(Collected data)
----------------------------------------

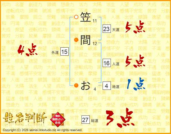 笠間おさんの総運は27画の3点!
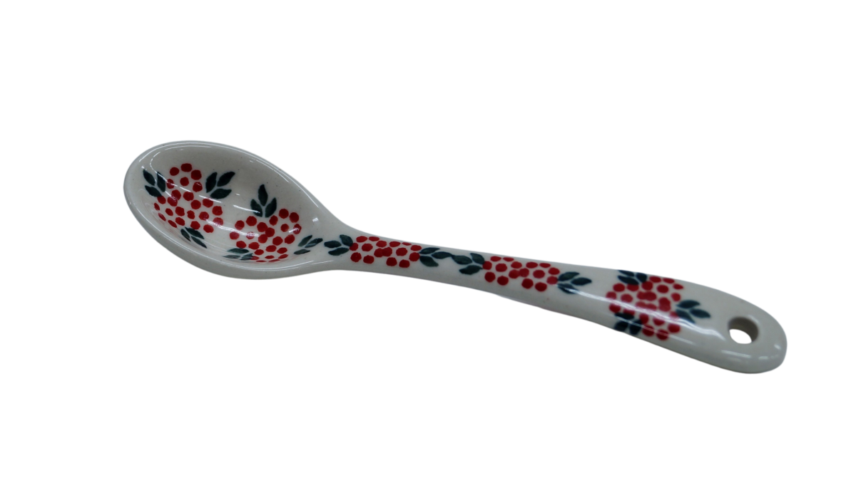 Łyżka ceramiczna deserowa mała, to jeden z podstawowych elementów wyposażenia kuchni, ręcznie malowana w unikatowe dekoracje kwiatowe i stempelkowe, wyprodukowana w bolesławieckiej manufakturze ceramiki artystycznej.
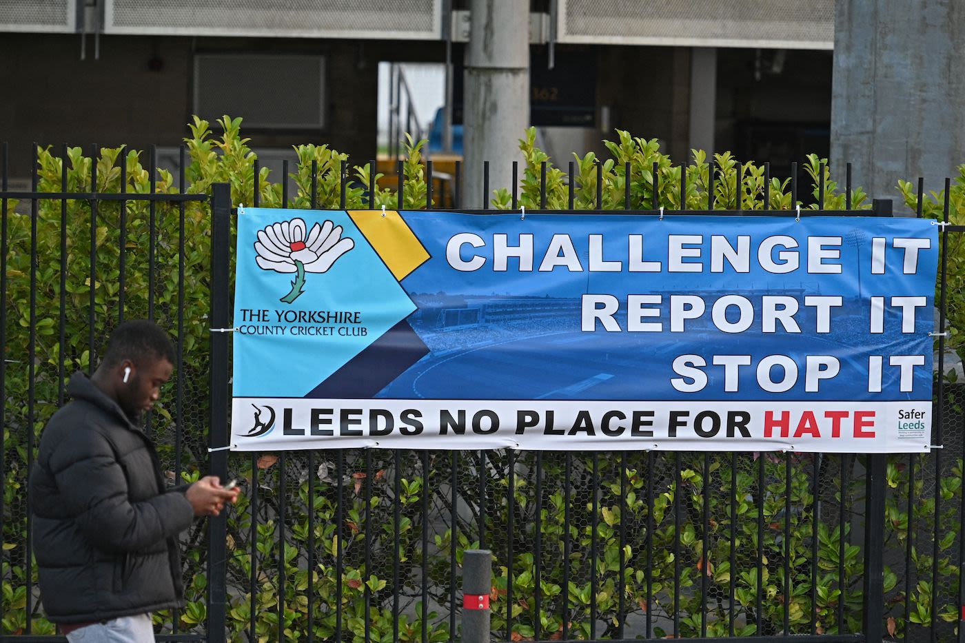 A banner with an anti-racist message | ESPNcricinfo.com
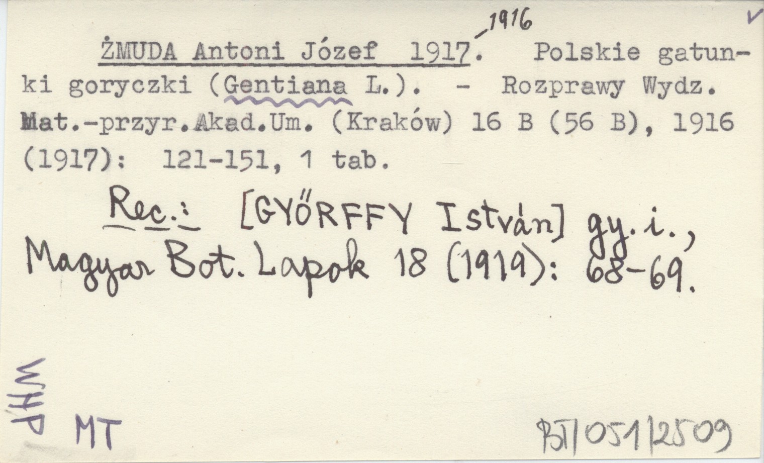 ŻMUDA Antoni Józef 1916 (1917) Polskie gatunki goryczki (Gentiana L.).
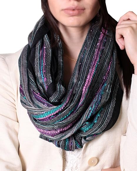 (15 Colors) Shimmer Sparkle Infinity Scarf, Women's Festival Bliss Lightweight Fashion Shawl
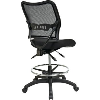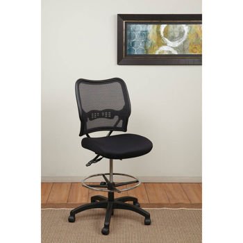 -. Binding : Office Product -. Brand : Office Star -. Color : Black -. Feature : Features: Thick Black Padded Mesh Seat and Air Grid® Back with Built-in Lumbar Support One Touch Pneumatic Seat Height Adjustment Dual Function Control / Adjustable Chrome Foot ring Nylon Base with Dual Wheel Carpet Casters / Seat Size: 19.5"W x 20"D x 4"T Back Size: 20"W x 19"H Overall Size: 45"H x 20"W x 26"D / Seat Height Min: 19.75" Seat Height Max: 27.25" Seat Travel: 7.5" / Weight: 40 lbs. -. Label : Office Star -. Manufacturer : Office Star -. PackageQuantity : 1 -. ProductGroup : Office Product -. ProductTypeName : OFFICE_PRODUCTS -. Publisher : Office Star -. Studio : Office Star -. Title : Deluxe Air Grid Back Drafting Chair with Mesh Seat and Dual Function Control
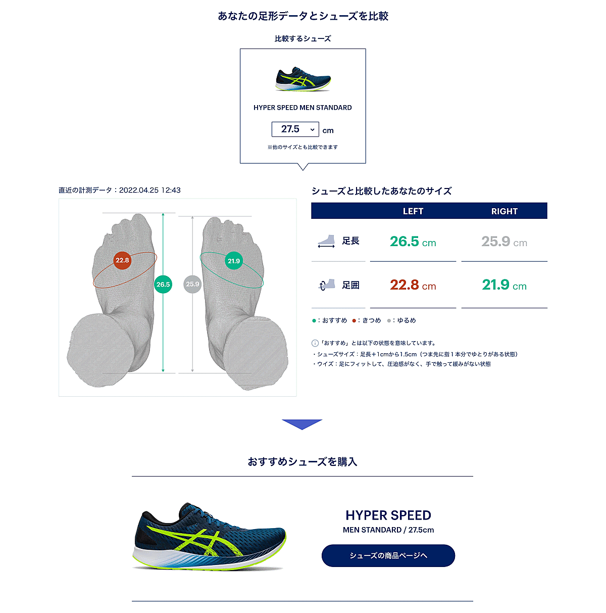 お薦めサイズは、アシックススポーツ工学研究所が開発した独自のアルゴリズムを用いて、ラスト(靴型)と足の長さや幅などを比較して算出。ランニングの目的ごとに表示されるお薦めシューズを選択することで、各シューズが足の長さや幅に対してどの程度フィットしているかがわかるようになっている。ECサイトとも連携、お薦めシューズの商品詳細ページをワンクリックで閲覧、購入できる。
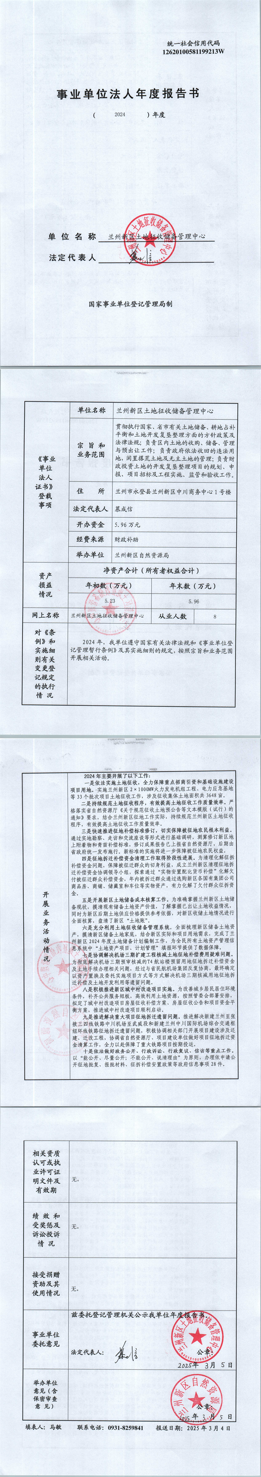 兰州新区土地征收储备管理中心2024年事业单位法人年度报告书-捕鱼网
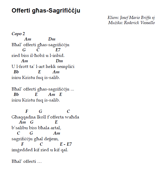 Illum qed naqla’ waħda li ktibt qabel dħalt Ġiżwita (jiġifieri qabel is-sena elfejn, imma naħseb xi 1997 jew 1998). Hija poeżija, maħsuba bħala kant għall-quddiesa. Il-kliem huwa tiegħi, u mużika ta’ Roderick Vassallo.
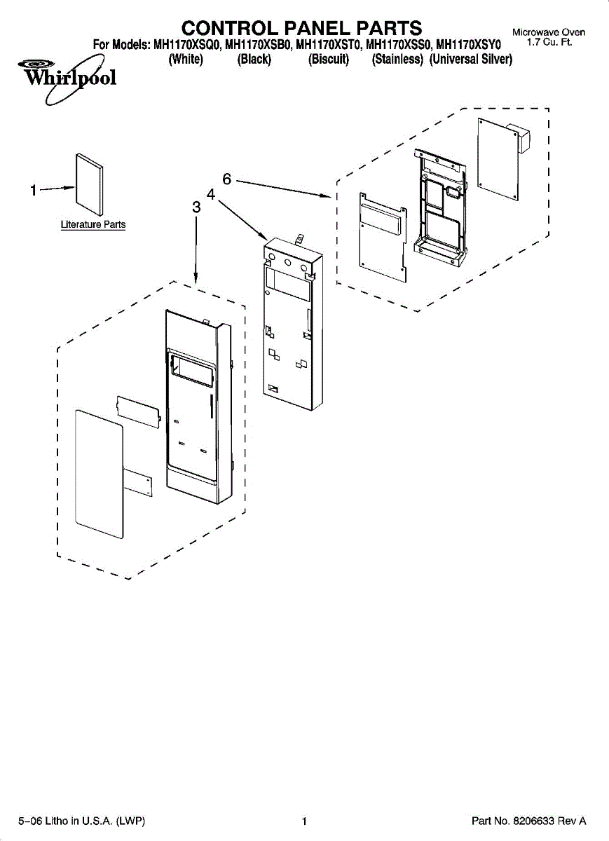 Parts for Whirlpool MH1170XSY0: 01 - Control Panel Parts
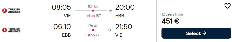 Fliegen Sie mit Turkish Airlines in der Economy Class von Wien und Zürich nach Entebbe in Uganda ab 451 Euro. Verfügbarkeiten gibt es zwischen April und Dezember 2026, ausgenommen im Juli. Es gilt ein Mindestaufenthalt von 3 Tagen oder einer Nacht auf Sonntag.
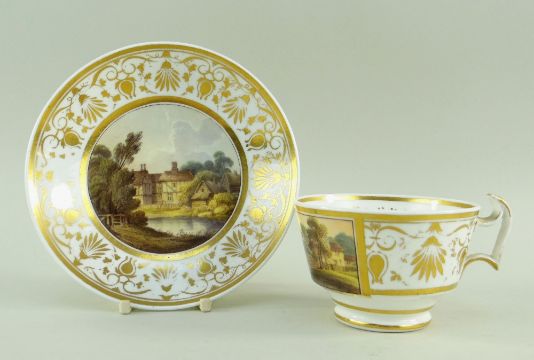 A SWANSEA PORCELAIN BREAKFAST CUP & SAUCER the cup of London shape with ogee handle, the cup painted with a landscape panel of bridge, two houses and mountains beyond, the saucer with a medieval great house, inscribed to the base Aldham Hall Essex, probably by George Beddows
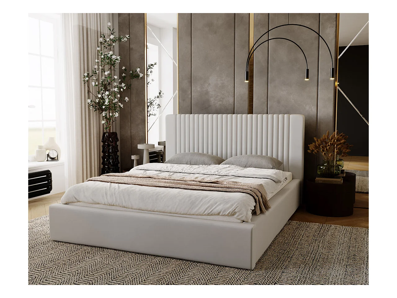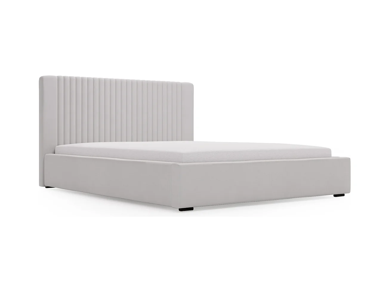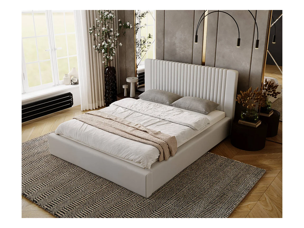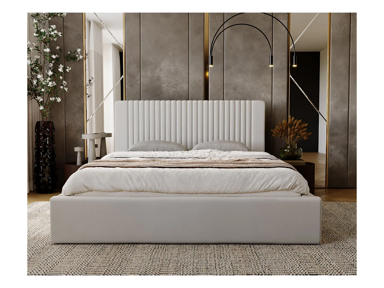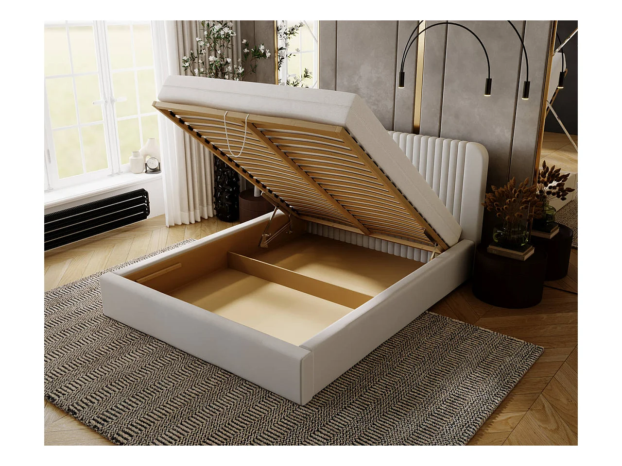 Polsterbett mit Bettkasten - 140 x 200 - Samtstoff - Hellgrau - Bett mit Lattenrost - MALMO
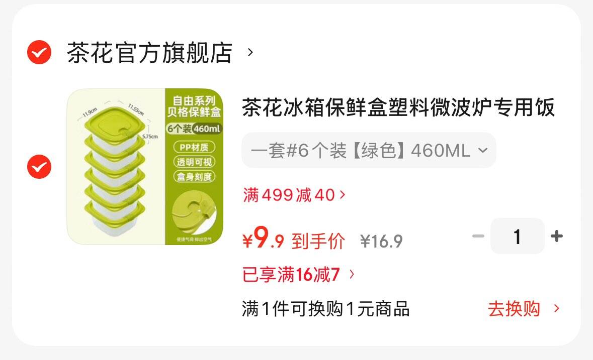 9.9亓 茶花冰箱保鲜盒6个
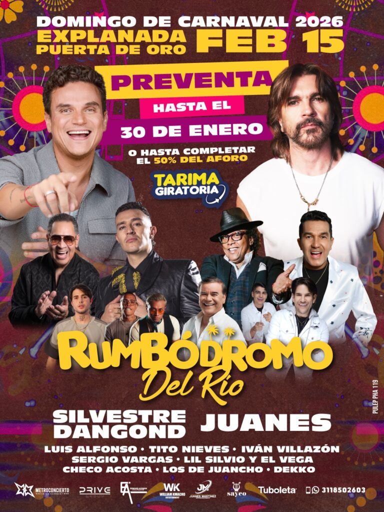 Este Rumbódromo del Río no solo será un espectáculo musical, sino una verdadera celebración del espíritu carnavalero, reuniendo generaciones, ritmos y culturas en un mismo escenario. La organización ha anunciado una producción de alto nivel, con montaje técnico de primer orden, sonido de última tecnología y una experiencia pensada para que todo el público asistente pueda disfrutar de dos noches históricas en la capital del Atlántico, en la costa Caribe de Colombia.
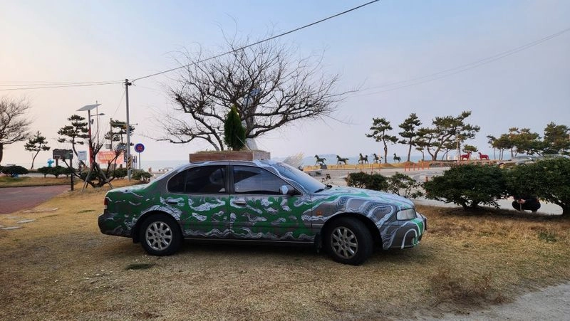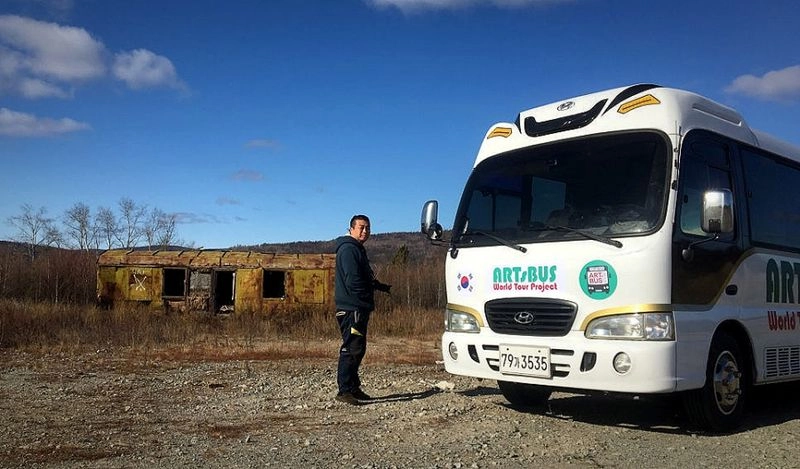 2019년 시베리아에서 진행된 ‘ARTsBUS 월드 투어’ 사진과 2025년 개인전 ‘Messenger_on the Road_경계를 넘는 그림자’, 자동차 내부 설치 작업 ‘Messenger_멸종의 시작’, 2022년 밀양아리랑아트센터에서의 라이브 퍼포먼스 장면, 그리고 성백 작가 사진이 함께 실려 있어 그의 작업이 퍼포먼스와 설치, 이동형 프로젝트, 전시 공간을 넘나들며 확장돼 왔음을 시각적으로 보여준다.

----------------------------------------

Instructions for the copy: start at the first entry, stop after the line containing "(15 Colors) Shimmer", keep every line exact, and drop the pictures.

Answer section =>
 笠間おさんの総運は27画の3点!
 Łyżka ceramiczna deserowa mała, to jeden z podstawowych elementów wyposażenia kuchni, ręcznie malowana w unikatowe dekoracje kwiatowe i stempelkowe, wyprodukowana w bolesławieckiej manufakturze ceramiki artystycznej.
 A banner with an anti-racist message | ESPNcricinfo.com
 ŻMUDA Antoni Józef 1916 (1917) Polskie gatunki goryczki (Gentiana L.).
 (15 Colors) Shimmer Sparkle Infinity Scarf, Women's Festival Bliss Lightweight Fashion Shawl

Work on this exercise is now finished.